Following is a summary of all operation:

Courtesy: Heroku

Memory Management Technique: Memcached only supports LRU memory management. So analyze your use case carefully before choosing this solution.

Suitable Usecases: Store simple string key / value pairs. Store database resultset object, HTTP api response, or serializable in-memory objects, JSON / XML document as value with a string key, results of page rendering etc.

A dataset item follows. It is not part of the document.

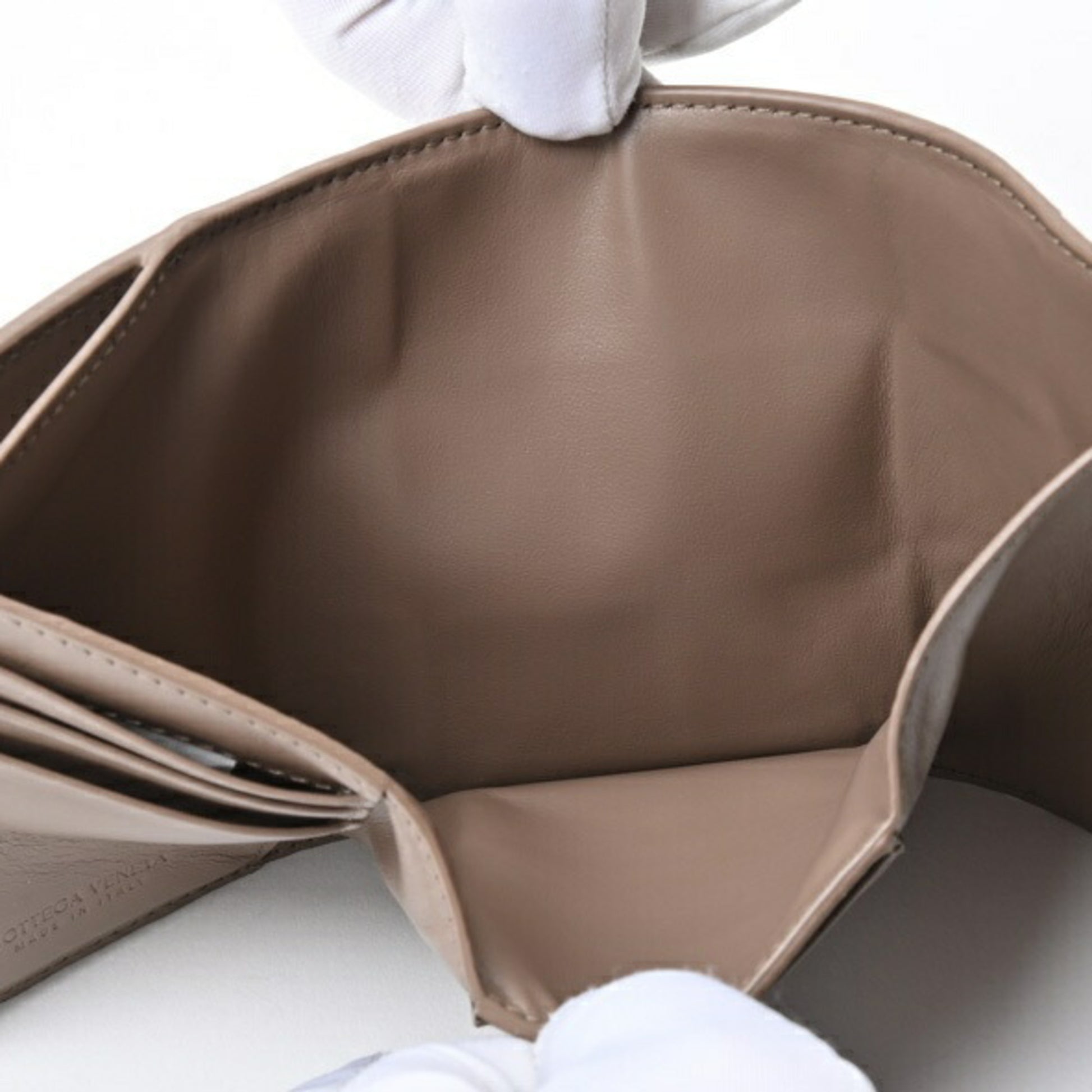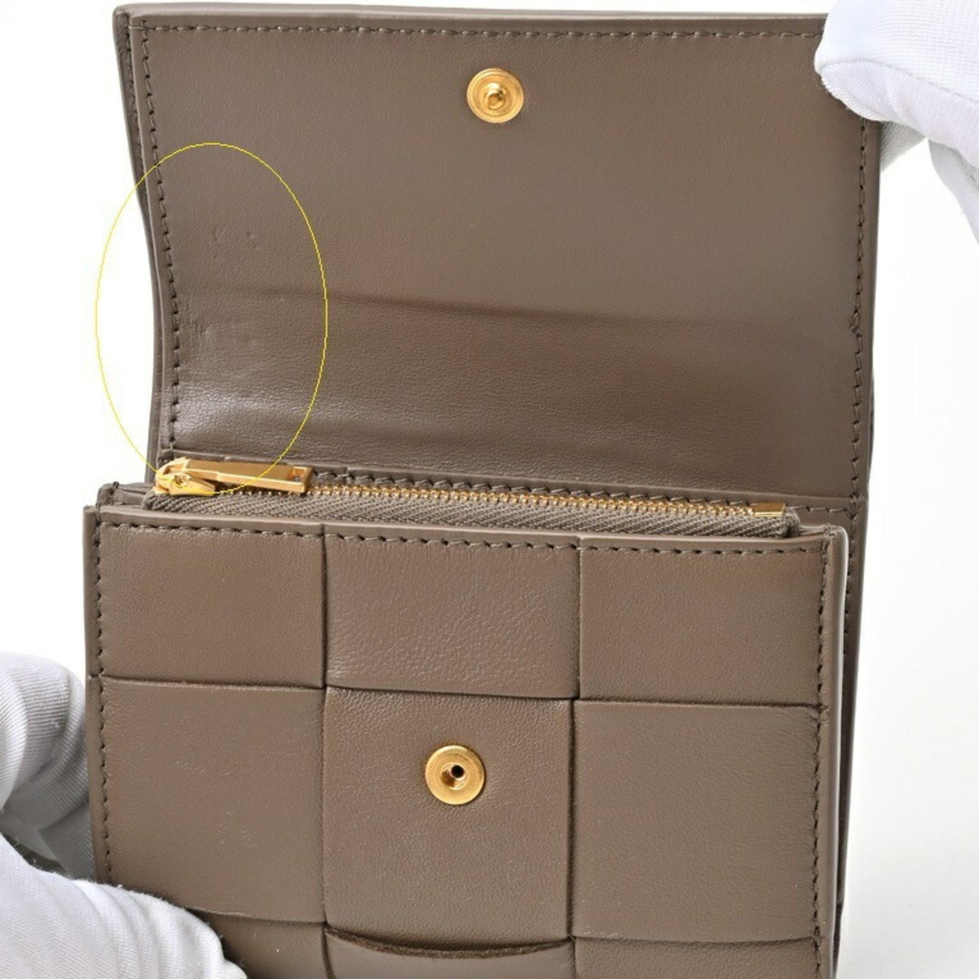 Bottega Veneta Cassette Tri-Fold Wallet 750245 Intrecciato Leather Taupe Gray E-156538

  1. Since there is no persistence, with every crash or restart, you need to warm up or refill data every time.
  2. If you want to store large objects or data sets, serialized representation of data may take more space & can make the memory fragmented.
  3. Memcached limits size of data upto 1 MB per key.
  4. Avoid read-modify-write operation use cases. Since you need to serialize / deserialize objects while inserting / retrieving data, update operations seem to be very costly. Try to store immutable objects with expiration time as much as possible.
  5. Memcached is not good for enterprise use cases. It does not offer many features like automatic elastic cluster management, sophisticated high availability, auto failover, load re-balancing, cross data centre replication etc.
  6. It lacks advance monitoring & tooling ecosystem for administrative use cases. If you face any issue, either you have to depend on your resource or the Memcached community, there is no commercial entity supporting it.

LinkedIn started using Memcached in 2010, but by 2012, they faced many issues & forced to get rid of it. Following snippets are taken from LinkedIn’s engineering blog, it will give a good idea why Memcached is not a great enterprise fit:

The Memcached days

Memcached was first introduced to LinkedIn in the early 2010s as a fast, in-memory, distributed caching solution when we needed to scale our source-of-truth data stores to handle increased traffic. It worked well for what it provided:

Single-digit millisecond GETs and SETs for applications that needed caching in front of their source-of-truth data stores.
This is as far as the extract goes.